Street in Bangkok, Thailand

Pradit Manutham Road (ถนนประดิษฐ์มนูธรรม, /th/) is one of the streets in Bangkok. It is a major arterial that connects the inner city with the northeastern suburban area of Bangkok. It is named after the royal title Luang Pradit Manutham, or Pridi Banomyong, the 7th Prime Minister of Thailand and a senior statesman who was the leader of the Free Thai Movement during World War II. It is considered a road that is closely paired with another nearby route, Prasert Manukit Road (Highway 351), which is more commonly known as Kaset–Nawamin Road.

Begins at the end of Soi Sukhumvit 63 (Ekkamai) in the Huai Khwang area, heading north-northeast. The road passes through Rama IX Road and crosses Khlong Lat Phrao into the Wang Thonglang district, where it intersects with Pracha Uthit Road and Lat Phrao Road. It then crosses Khlong Song Khram and enters the Lat Phrao district (from this point onward, its eastern serves as a boundary between Lat Phrao, Wang Thonglang, Bang Kapi, and Bueng Kum districts).

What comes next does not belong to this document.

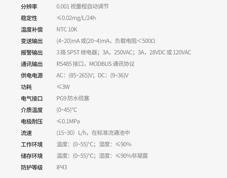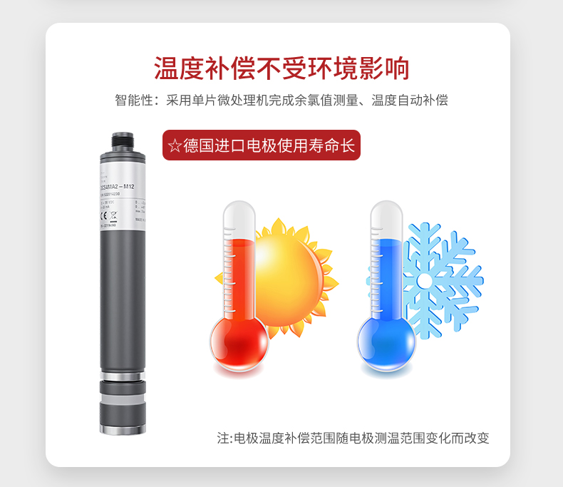 本余氯仪标配德国原装进口 RG 余氯电极,对水溶液中的的余氯浓度进行连续监测和控制。仪表具有电流输出、测量范围自由设定、高低超限报警提示和三组继电器控制开关、迟滞量范围可调、自动温度补等功能。广泛用于自来水、工业污水、废水处理、海水处理、游泳池、管网末端余氯监测。

After that, it intersects with Prasert Manukit Road (Kaset–Nawamin), crosses Khlong Khok Khram into the Bang Khen area, and continues until it terminates at Ramintra Road (Highway 304) near km 5.5. The road is 6 lanes wide (3 lanes in each direction) with a central median, totaling approximately 12 km in length.

An elevated expressway runs above the central median from Rama IX Road to Ramintra Road. As a result, this route runs parallel to the Chalong Rat Expressway and is commonly referred to as the "Liab Duan Ramintra Road" (ถนนเลียบด่วนรามอินทรา, /th/, lit. 'Ramintra Expressway Parallel Road'), or more simply Liab Duan Ramnintra. Originally, it was known as "Ekkamai–Ramintra Road" (ถนนเอกมัย–รามอินทรา, /th/) before being renamed to its current name in 1998. There are also overpasses at major intersections, including Lat Phrao Road and Prasert Manukit Road.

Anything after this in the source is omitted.